In hindsight, it was pretty clear what HBO was up to The last of us wanted to eliminate one of the best moments of the source material. Back in episode threeJoel and Ellie find a deceased Mortal Kombat II Arcade cabinet, prompting the young girl to excitedly tell her grumpy guardian about Mileena’s iconic death, during which she eats her enemy and vomits their bones out. The game is a fictional arcade game called The turning she tells Joel, and for those of us familiar with the game and its DLC chapter, left behindthis was a pretty strong indication of it The turningHBO’s iconic moment in this DLC’s adaptation would also be altered. Sure enough it was. While the feel is still fun, the use of Mortal Kombat instead of The turning both brim with corporate synergies between PlayStation Productions and Warner Bros. Discovery, and miss a moment of tragic wonder that was a segment standout in the original left behind DLC.
The last of us Games are filled with in-universe media. As Joel and Ellie make their way through Naughty Dog’s version of a post-apocalyptic America, the two frequently stumble upon remnants of the world before the Cordyceps fungus destroyed polite society, and talk about it at length. Wild Starlighta comic series that functions as a collector’s item The Last of Us Part I, is a personal favorite of Ellie’s. It’s a science fiction series based on a character named Dr. Follows Daniela Star who goes on adventures across the galaxy. As you collect these comics throughout the game, you’ll get bits of the story from the blurbs on the back of each volume, but the real value of them is in the way they expand on Ellie’s character in both games. She develops a fascination with outer space and wishes she could have been an astronaut in a world not destroyed by infection, and Dr. Star’s catchphrase “to the edge of the universe and back, endure and survive” is a thematic touchstone.

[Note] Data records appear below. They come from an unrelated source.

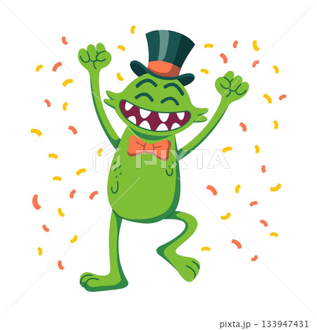 Dancing Green Monster Cartoon Vector. Fun Celebration Character Illustration Vector
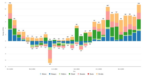 Найбільший добовий імпорт склав 12 000 МВт∙год 1 листопада, а найменший – 1000 МВт∙год 10 листопада. Середньогодинний імпорт електроенергії під час вечірнього піку в листопаді становив 470 МВт, що становить 27,6% від загальної технічної потужності 1700 МВт.
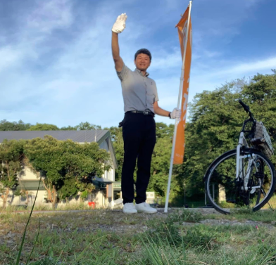 片桐基至さんの公式サイトでは「街頭演説」としてオレンジ色の旗を持っている写真が載っています。
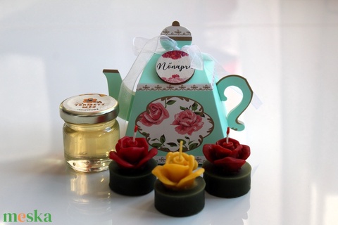 Nőnapi vintaige mézes teáskanna ajándék díszdoboz
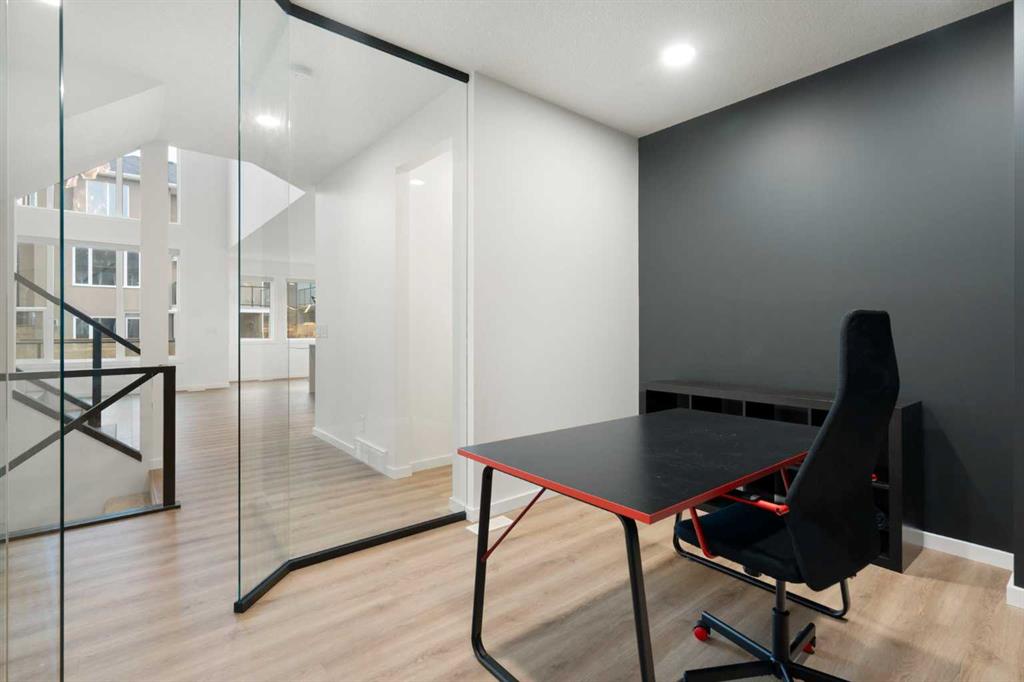 From the moment you step inside, you’re greeted by a bright, open-concept floor plan highlighted by soaring ceilings, expansive windows, and sleek contemporary finishes. The main level includes a stylish glass-enclosed home office—perfect for remote work or homework—and a spacious great room anchored by a dramatic two-storey black marble feature wall. Luxury vinyl plank flooring adds both beauty and durability throughout.

Elsewhere, Joel and Ellie find an advertisement for a movie called Dawn of the Wolf this is clearly a tribute to the dusk Series that Joel watched with his daughter Sarah just before the outbreak. Both Wild Starlight And Dawn of the Wolf appear in the seventh installment of the series, which serve both as a knowing nod to old fans and a talking point about how characters like Ellie and her best friend and first love Riley, who were born after the apocalypse, lack much cultural context for that what the world was like before.

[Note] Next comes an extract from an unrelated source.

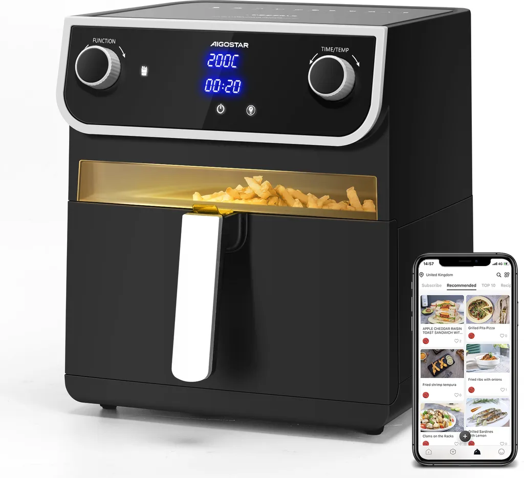 - [Transparentes Sichtfenster] Die neue Fritteuse von Aigostar hat ein einzigartiges Design mit einem transparenten Sichtfenster, das sich sehr gut für Anfänger in der Küche eignet, um köstliche Speisen zuzubereiten. Sie können den Kochstatus durch das Sichtfenster jederzeit überprüfen, ohne sich Gedanken über den Lebensmittelstatus oder andere Bedenken zu machen,
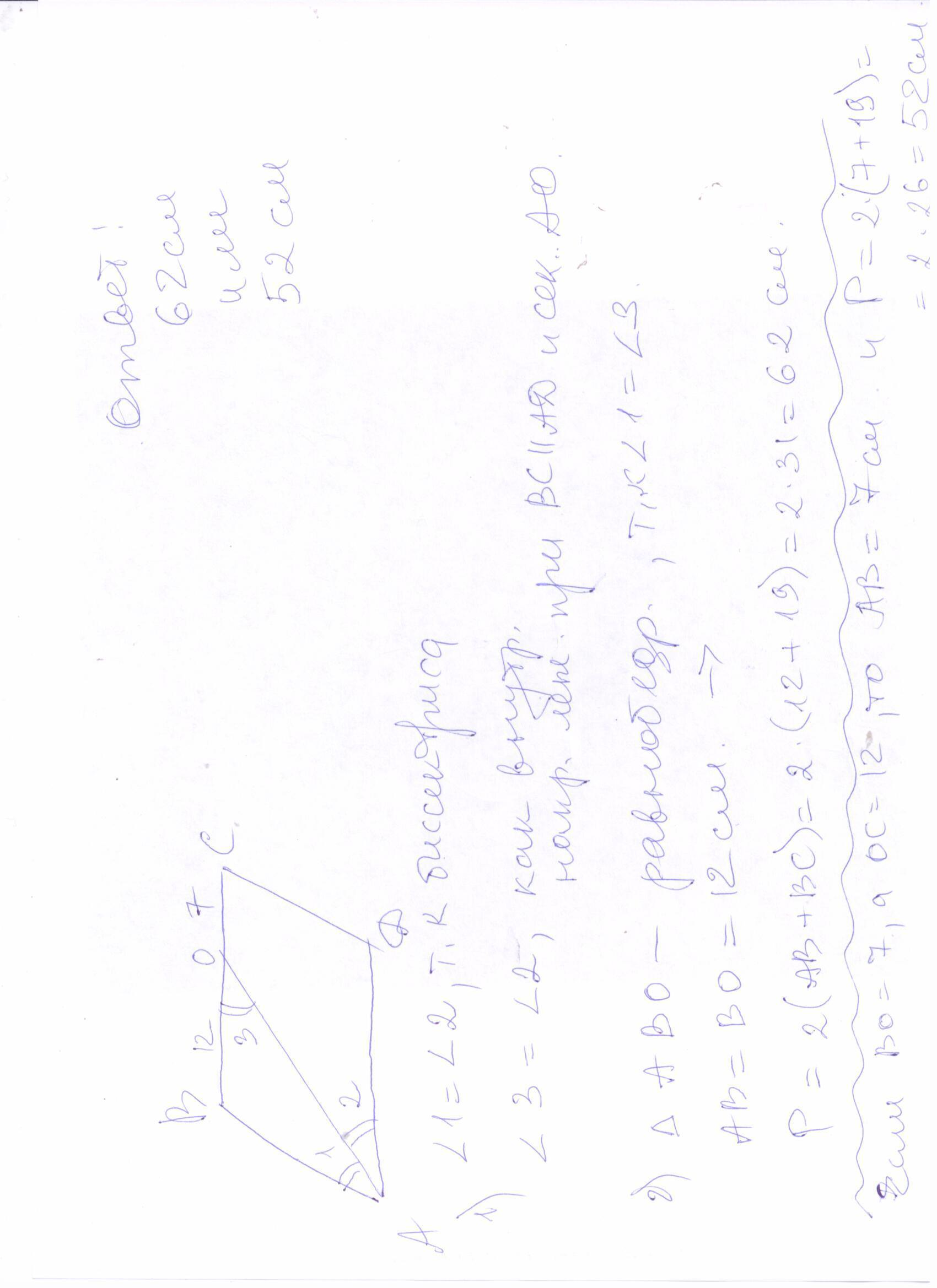 Биссектриса одного из углов параллелограмма делит его сторону на отрезки, длины которых равны 12 и 7 см. Найдите периметр параллелограмма.

However, the show also includes a few more real-world brands to illustrate these concepts. During Ellie and Riley’s mall date in episode seven, they pass a Victoria’s Secret and realize how ridiculous and impractical lingerie seems in a world where they live in military boarding schools and join revolutionary groups like the Fireflies. It’s a beautiful scene and allows for a little flirtatious banter for Ellie and Riley as they continue to explore the abandoned mall, but it also underscores the reality that TV shows are more likely to enter into product placement deals with real-life brands than games, leading to a departure from that Source material in an episode that their adaptation mostly plays pretty straight forward (heh).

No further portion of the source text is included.